** Stored data follows **

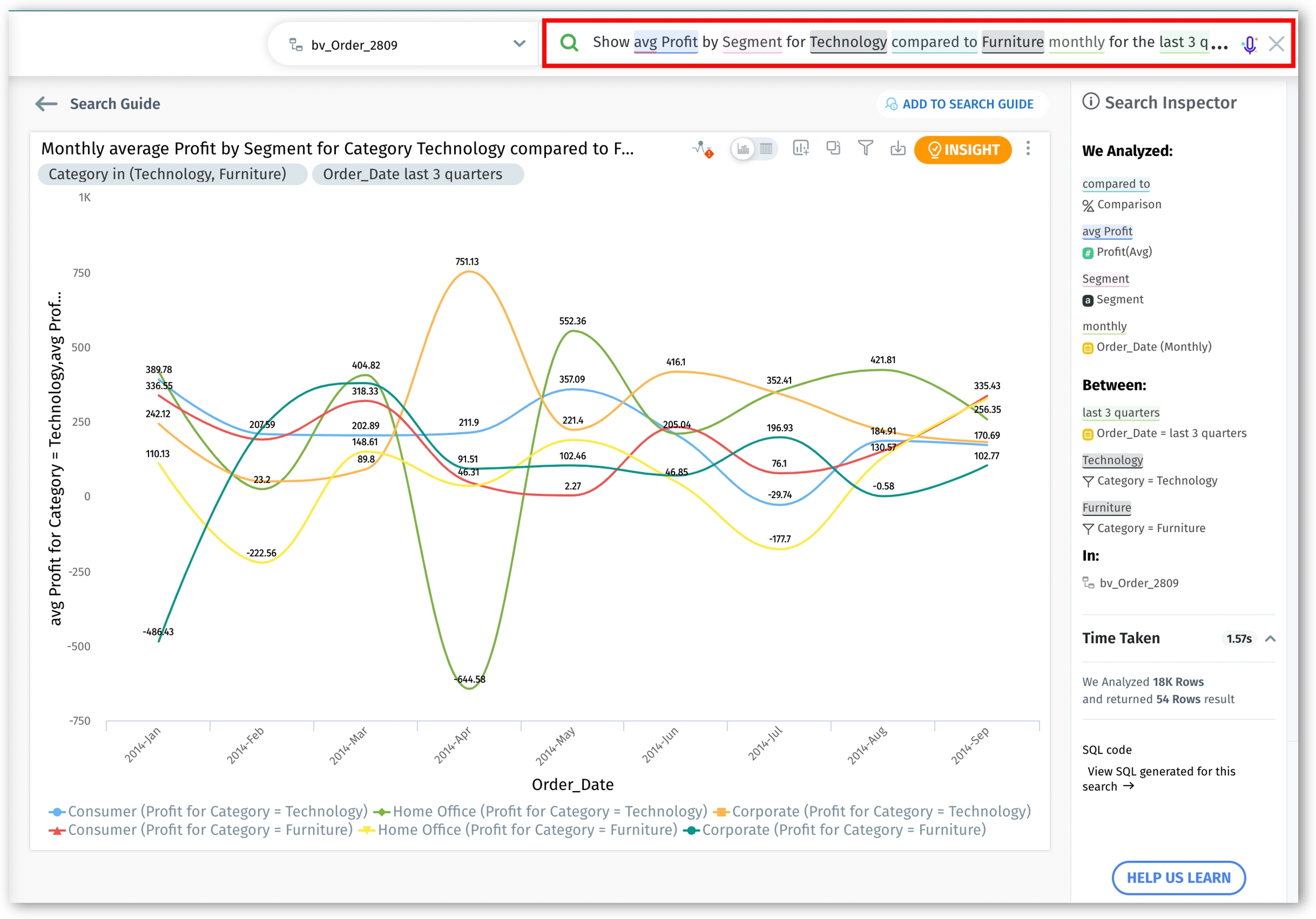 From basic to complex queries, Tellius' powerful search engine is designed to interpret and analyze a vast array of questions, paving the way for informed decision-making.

** End of Stored data **
** Stored data follows **

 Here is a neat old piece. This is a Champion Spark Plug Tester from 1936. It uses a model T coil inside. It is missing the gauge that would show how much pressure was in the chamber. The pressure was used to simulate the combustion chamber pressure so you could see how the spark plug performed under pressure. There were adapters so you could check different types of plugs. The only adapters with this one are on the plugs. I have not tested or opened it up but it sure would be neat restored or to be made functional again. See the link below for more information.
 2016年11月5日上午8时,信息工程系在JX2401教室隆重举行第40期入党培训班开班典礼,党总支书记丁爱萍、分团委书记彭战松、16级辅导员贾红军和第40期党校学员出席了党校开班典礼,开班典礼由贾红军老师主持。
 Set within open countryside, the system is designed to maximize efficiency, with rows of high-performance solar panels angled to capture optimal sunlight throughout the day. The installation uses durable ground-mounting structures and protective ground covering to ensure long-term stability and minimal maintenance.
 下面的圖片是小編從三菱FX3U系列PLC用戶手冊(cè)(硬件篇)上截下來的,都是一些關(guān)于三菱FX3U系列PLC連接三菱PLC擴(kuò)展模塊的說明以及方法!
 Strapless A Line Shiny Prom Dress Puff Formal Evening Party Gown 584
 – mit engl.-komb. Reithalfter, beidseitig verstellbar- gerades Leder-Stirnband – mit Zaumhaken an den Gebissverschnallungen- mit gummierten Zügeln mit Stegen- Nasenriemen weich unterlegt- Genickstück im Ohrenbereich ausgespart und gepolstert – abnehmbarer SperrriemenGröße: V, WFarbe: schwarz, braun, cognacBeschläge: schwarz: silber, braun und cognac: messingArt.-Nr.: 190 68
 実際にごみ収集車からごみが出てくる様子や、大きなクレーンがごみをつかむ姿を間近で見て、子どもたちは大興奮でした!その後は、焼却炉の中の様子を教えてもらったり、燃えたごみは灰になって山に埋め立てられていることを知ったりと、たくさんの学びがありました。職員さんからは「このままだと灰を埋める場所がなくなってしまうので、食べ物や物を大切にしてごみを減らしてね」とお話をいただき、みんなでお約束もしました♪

** End of Stored data **

• [Task to carry out] Please give back exactly the lines of the listing above that run from the one containing "messingArt.-Nr.: 190 68" through the one containing "実際にごみ収集車からごみが出", and only those.

• [Output of the exercise]
 – mit engl.-komb. Reithalfter, beidseitig verstellbar- gerades Leder-Stirnband – mit Zaumhaken an den Gebissverschnallungen- mit gummierten Zügeln mit Stegen- Nasenriemen weich unterlegt- Genickstück im Ohrenbereich ausgespart und gepolstert – abnehmbarer SperrriemenGröße: V, WFarbe: schwarz, braun, cognacBeschläge: schwarz: silber, braun und cognac: messingArt.-Nr.: 190 68
 実際にごみ収集車からごみが出てくる様子や、大きなクレーンがごみをつかむ姿を間近で見て、子どもたちは大興奮でした!その後は、焼却炉の中の様子を教えてもらったり、燃えたごみは灰になって山に埋め立てられていることを知ったりと、たくさんの学びがありました。職員さんからは「このままだと灰を埋める場所がなくなってしまうので、食べ物や物を大切にしてごみを減らしてね」とお話をいただき、みんなでお約束もしました♪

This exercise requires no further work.